Rudin also alleges Weinstein “once said to me, ‘If I can’t get a movie nominated that has Sydney’s and Anthony’s name on it this year, I should leave the business.’”
Of course, the ever-compliant Hollywood trades were suckered by Weinstein’s spin that Rudin was fighting The Reader’s fall release because Rudin already has two Oscar contenders this year, Doubt, and Revolutionary Road, which also stars The Reader’s leading lady, Kate Winslet (Kidman’s replacement), and didn’t want his actors or his pictures competing against themselves. The trades also tried to minimize any machinations by Weinstein by postulating that this was merely “two alpha males who have faced off many times before.”
Insiders insist to me that Weinstein’s desperation to release The Reader this year is because of the Weinstein Co.’s money woes. One of my sources heard Weinstein say that the producer can’t afford to hold The Reader and, if he can’t get it out this Christmas, then he will dump it in February. Yet puzzled insiders tell me three other film companies want to buy the pic and release it properly in 2009.

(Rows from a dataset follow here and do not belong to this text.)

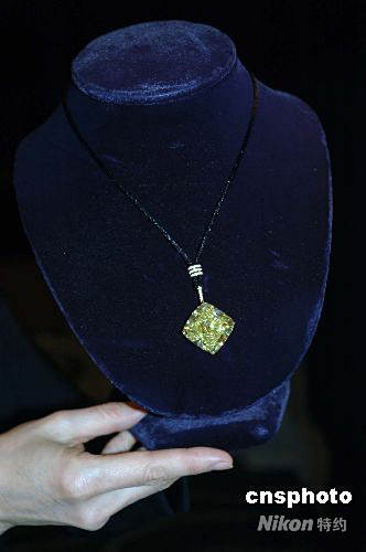 4月27日,香港佳士得2008春季拍賣(mài)精品在上海外灘茂悅大酒店預(yù)展。這場(chǎng)拍賣(mài)會(huì)將于5月22日至29日在香港會(huì)議展覽中心舉行。這次拍賣(mài)大約分為14個(gè)不同類(lèi)別,包括多件收藏珍品。在5月28日“瑰麗珠寶及翡翠首飾”專(zhuān)場(chǎng),拍品包括重67.09克拉的罕見(jiàn)黃鉆吊墜一對(duì),估價(jià)為1600萬(wàn)到2500萬(wàn)。中新社發(fā) 崔煜芳 攝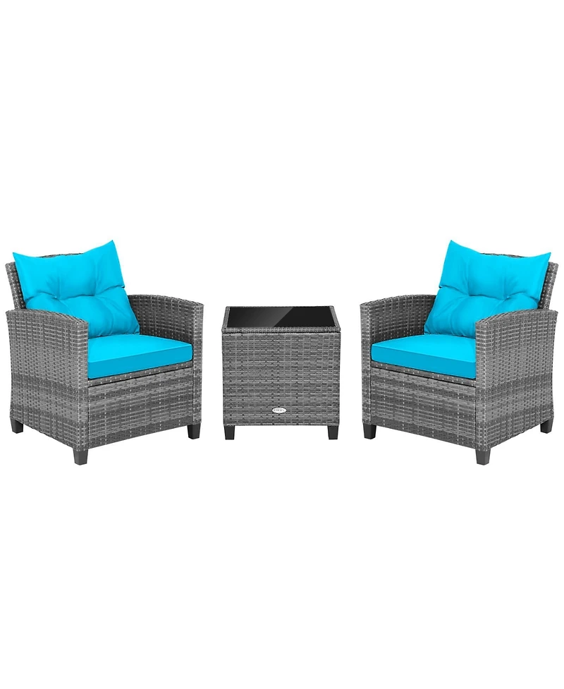 Gouun 3 Pieces Outdoor Wicker Conversation Set with Tempered Glass Tabletop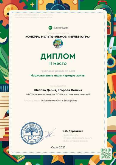II место на конкурсе Конкурс мультфильмов «Мульт-Югра»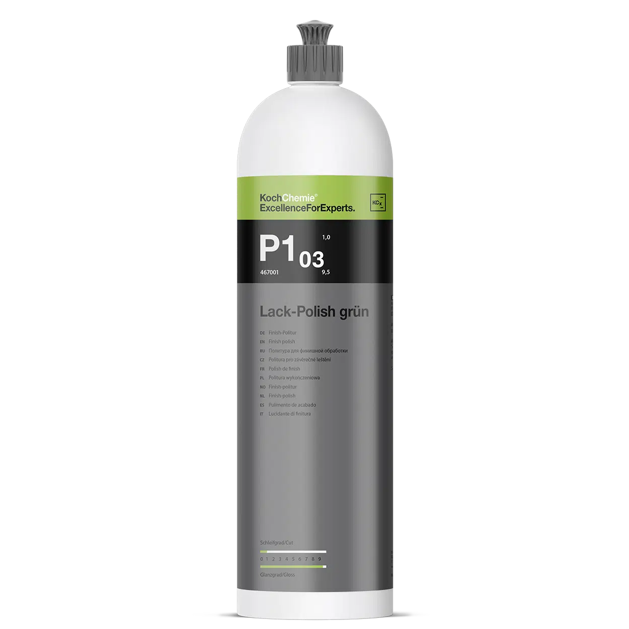 יישם את P1 בפס דק או בצורה מכנית (באופן אידיאלי עם פוליש אורביטלי) בעזרת אפליקטור שחור, או באופן ידני עם פד רך דומה. לסיום יש לשטוף את שאריות הפוליש למראה עם גימור בעזרת מטלית מיקרופייבר. אם נדרש אפקט שחיקה, השתמש בפוליש עם פד צהוב

Insiders have told me that Rudin, Daldry and Winslet, in discussions with the Weinstein Co., have all threatened not to support the film. That would have been a TKO for Weinstein’s Academy Award dreams. Also, the Weinstein Co. was threatened with multiple lawsuits from lawyers repping Rudin, Daldry, and Working Title, which was ready to file a U.K. lawsuit alleging the Weinstein Co. was inducing Daldry to breach his Billy Elliot contract. Weinstein’s attorney, in turn, was also threatening to sue most of them.
Then, suddenly, on Sunday, September 28, the Weinstein Co. announced an agreement by all the parties — Weinstein, Rudin and Daldry — to move The Reader’s release date all the way to December 12. I’m told the new deal gives Daldry five more weeks for post-production on the film. Thus seemed to end what was shaping up as both an Oscar-campaign embarrassment and a legal siege.
But Weinstein couldn’t leave well enough alone.
On the night of Monday, September 29, a reporter with the New York Post’s Page Six called me saying Weinstein pledges to give $1 million to charity if I can produce the Scott Rudin e-mail containing allegations of Weinstein’s callous treatment of Minghella’s and Pollack’s families. In the Page Six article, Rudin denied he wrote the e-mail.
But later that same night, Rudin confirmed to me that it was his e-mail and claimed that Weinstein’s people pestered him “to protect Harvey and deny the e-mail and lie to Page Six” — so Rudin said he lied “in order to keep peace for the next weeks that the two of us still have to work together on The Reader.”
Needless to say, I produced the e-mail and posted it online. Now, Harvey, pay up.